How to Beat the Game of Office Politics


15 min read
10 take-aways
Audio & text

What's inside?

Protect yourself from office manipulations by learning what happens outside the boardroom and around the water cooler.

Editorial Rating



  • Innovative
  • Applicable


Thinking that the only thing you have to do at the office is good work is naïve. Every company has people who will stop at nothing to further their own agendas. Hiding your head in the sand (or behind your computer screen) only makes you an easy target. Instead, learn about the common dirty tricks played in offices and protect yourself from becoming a victim. To outmaneuver the manipulators, getAbstract recommends reading this clever, short introductory course on office politics. Organizational experts Mike Phipps and Colin Gautrey have done the research for you, identifying the most common and insidious dirty tricks, and outlining strategies for putting up your defenses or, when appropriate, confronting the attackers. Oftentimes, simply exposing the trick reduces its potency and sends the perpetrator scurrying back into the shadows.


Dirty Tricks

Do you dream of working in an organization that is totally devoid of office politicking, maneuvering and Machiavellian managers?

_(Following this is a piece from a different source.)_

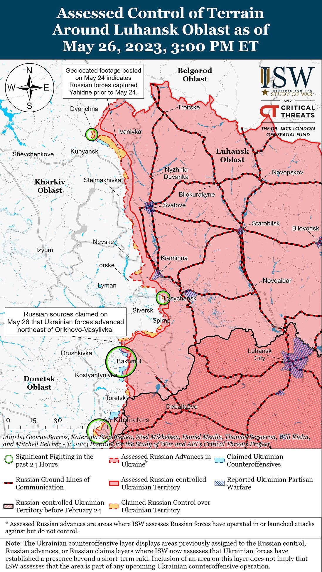 26 мая российские войска продолжили ограниченные наступательные действия к северо-востоку от Купянска и вдоль линии Сватово-Кременная. Геолокационные кадры, опубликованные 25 мая, указывают на то, что российские войска, вероятно, незначительно продвинулись к северу от Новоселовского (16 км к северо-западу от Сватово). Генштаб Украины сообщил, что 26 мая российские войска провели неудачные наступательные действия вблизи Масютовка Харьковской области (13 км к северо-востоку от Купянска) и Белогоровка Луганской области (12 км к югу от Кременной). Заместитель министра обороны Украины Анна Маляр сообщила, что российские войска пытаются захватить позиции на Купянском направлении для начала будущих наступательных операций. Маляр также заявила, что российские войска провели 24-часовую тактическую паузу в районе Кременной. Российский блогер утверждал, что российские войска вели наступательные действия вдоль восточного берега реки Жеребец в районе Кременной и к югу от Кременной в районе Серебрянского лесничества.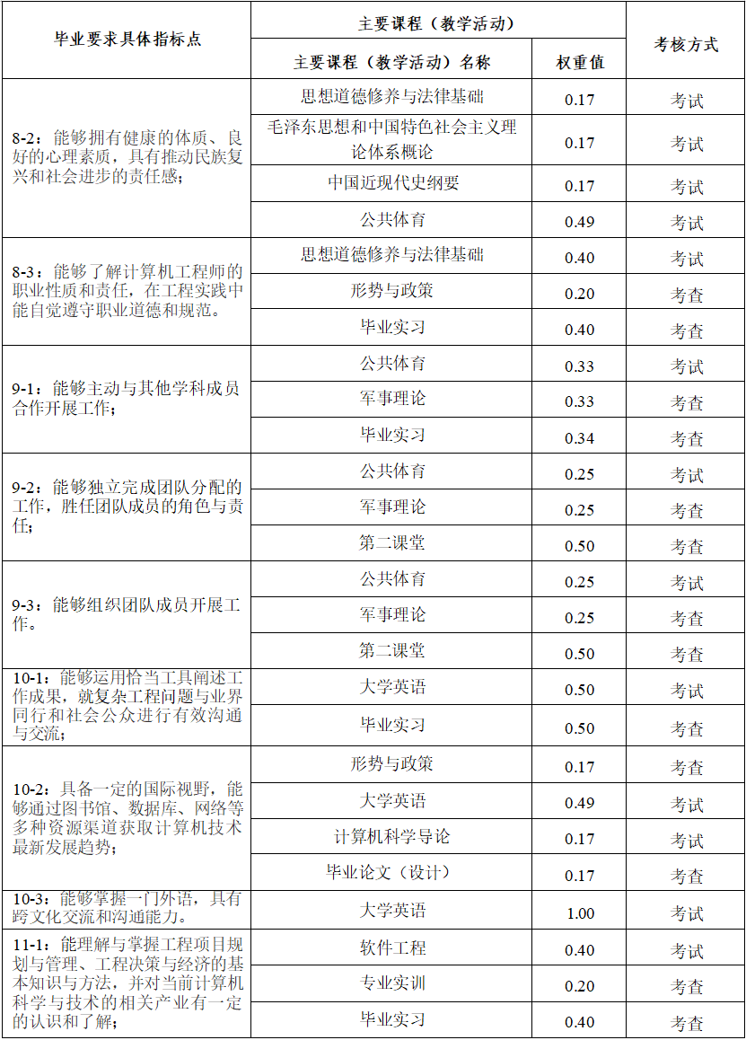 六、主要课程(教学活动)与毕业要求对应矩阵(见表 3)

Alas, such a workplace simply does not exist. Every person is vulnerable to “dirty tricks” of one kind or another. Office politics, lies and tricks cost organizations money, divert focus and energy away from business, and turn bright, enthusiastic employees into cynical, tired clock-punchers. However, if you can learn to recognize common workplace dirty tricks, you can diminish their power and deal with duplicitous behavior to gain an advantageous outcome. For a maneuver to be a dirty trick, these “conditions” must prevail:

  • The belief that honest behavior will not produce results.
  • A “player” feels it is his or her right to exploit someone else.
  • A prize is on the line or a circumstance is ripe for manipulation.
  • Information gets deliberately distorted or misdirected.
  • Selfish motives masquerade as helpfulness.
  • Self-interest trumps the interests of the organization.
  • The situation has a loser or victim, and a winner or protagonist.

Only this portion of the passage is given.